Department of Pharmacology, Ningbo University, School of Medical Science, Ningbo, China.
Department of Geriatrics, Hunan Provincial People's Hospital, Changsha, China.
Reg Anesth Pain Med. 2020 Aug;45(8):610-619. doi: 10.1136/rapm-2020-101472. Epub 2020 Jun 18.
Persistent neuropathic pain poses a health problem, for which effective therapy or antidote is in dire need. This work aimed to investigate the pain-relieving effect of chrysin, a natural flavonoid with monoamine oxidase inhibitory activity, in an experimental model of neuropathic pain and elucidate mechanism(s).
Chronic constriction injury (CCI) was produced by loose ligation of sciatic nerve in mice. The pain-related behaviors were examined using von Frey test and Hargreaves test. The serotonin-related mechanisms were investigated by serotonin depletion with -chlorophenylalanine (PCPA) and antagonist tests in vivo and in vitro.
Repeated treatment of CCI mice with chrysin (orally, two times per day for 2 weeks) ameliorated heat hyperalgesia and mechanical allodynia in a dose-dependent fashion (3-30 mg/kg). The chrysin-triggered pain relief seems serotonergically dependent, since its antihyperalgesic and antiallodynic actions were abolished by chemical depletion of serotonin by PCPA, whereas potentiated by 5-hydroxytryptophan (a precursor of 5-HT). Consistently, chrysin-treated neuropathic mice showed enhanced levels of spinal monoamines especially 5-HT, with depressed monoamine oxidase activity. Moreover, chrysin-evoked pain relief was preferentially counteracted by 5-HT receptor antagonist WAY-100635 delivered systematically or spinally. In vitro, chrysin (0.1-10 nM) increased the maximum effect (Emax, shown as stimulation of [S] GTPγS binding) of 8-OH-DPAT, a 5-HT agonist. Beneficially, chrysin was able to correct comorbid behavioral symptoms of depression and anxiety evoked by neuropathic pain, without causing hypertensive crisis (known as 'cheese reaction').
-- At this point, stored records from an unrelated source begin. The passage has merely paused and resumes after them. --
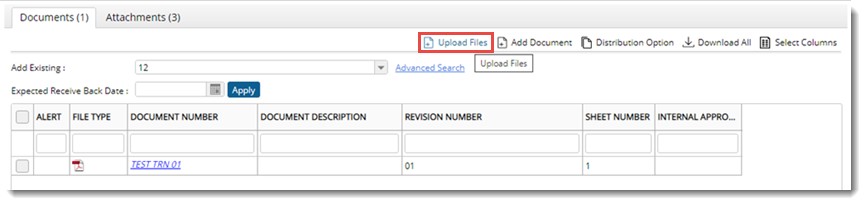 NOTE: Before clicking the Upload Files option, ensure the transmittal is saved. Or else a warning message is displayed. Upload option will be available only for transmittals that are in edit mode and not released.
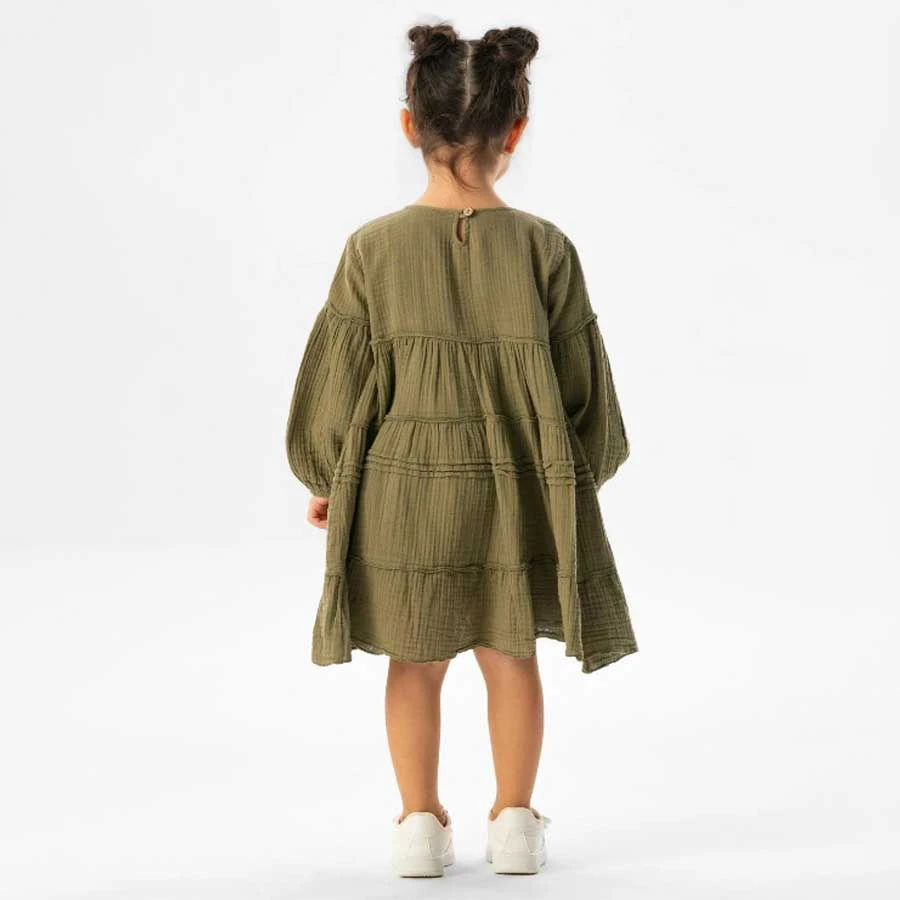 Lightweight khaki muslin dress for children, featuring long sleeves for sun protection and comfort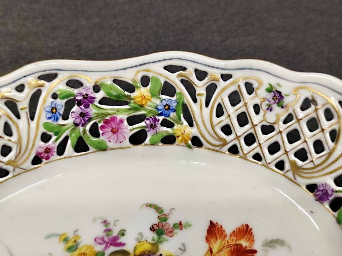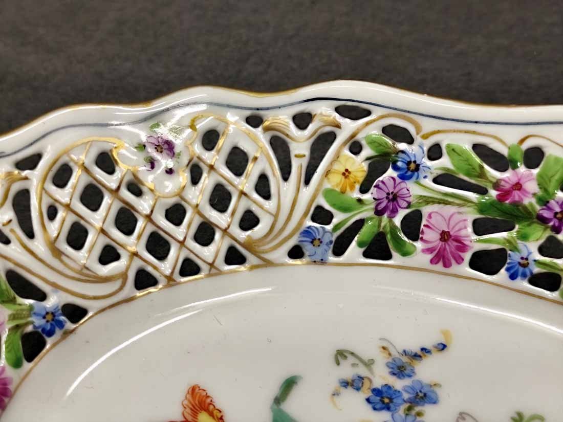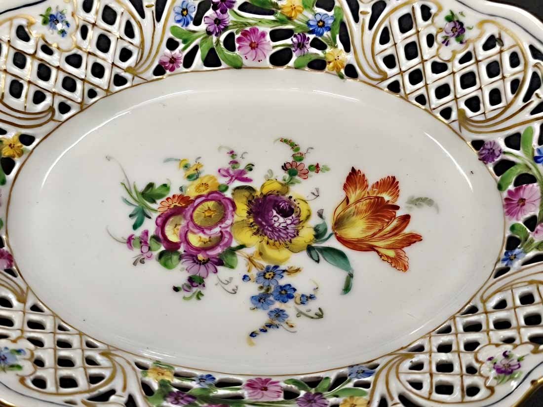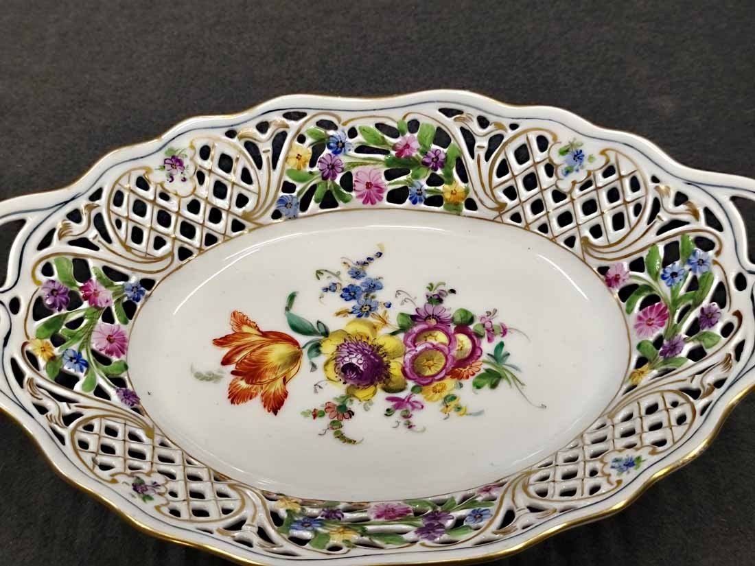 Schale Korb mit durchbrochenem Blumenrand und Blumenmalerei, verm.Sächs.Porz.Manufaktur Dresden

These findings confirm the antihyperalgesic and antiallodynic efficacies of chrysin, with spinal 5-HT receptors being critically engaged.
持续性神经病理性疼痛是一个健康问题,迫切需要有效的治疗方法或解毒剂。本工作旨在研究白杨素(一种具有单胺氧化酶抑制活性的天然黄酮类化合物)在神经病理性疼痛实验模型中的镇痛作用,并阐明其机制。
通过坐骨神经的松结扎在小鼠中产生慢性缩窄性损伤(CCI)。使用 von Frey 测试和 Hargreaves 测试检查与疼痛相关的行为。通过体内和体外的 -氯苯丙氨酸(PCPA)和拮抗剂测试研究 5-羟色胺相关机制。
重复给予 CCI 小鼠白杨素(口服,每天两次,共 2 周)以剂量依赖性方式改善热痛觉过敏和机械性痛觉过敏(3-30mg/kg)。白杨素触发的疼痛缓解似乎是 5-羟色胺能依赖的,因为 PCPA 化学耗竭 5-羟色胺后,其抗痛觉过敏和抗痛觉过敏作用被消除,而 5-羟色氨酸(5-HT 的前体)增强。一致地,白杨素治疗的神经病理性小鼠表现出脊髓单胺水平,特别是 5-HT 的增强,同时单胺氧化酶活性降低。此外,全身性或脊髓内给予 5-HT 受体拮抗剂 WAY-100635 优先拮抗白杨素引起的疼痛缓解。在体外,白杨素(0.1-10nM)增加了 5-HT 激动剂 8-OH-DPAT 的最大效应(Emax,表现为[S] GTPγS 结合的刺激)。有益的是,白杨素能够纠正神经病理性疼痛引起的抑郁和焦虑的共病行为症状,而不会引起高血压危象(称为“奶酪反应”)。
这些发现证实了白杨素的抗痛觉过敏和抗痛觉过敏作用,脊髓 5-HT 受体的参与至关重要。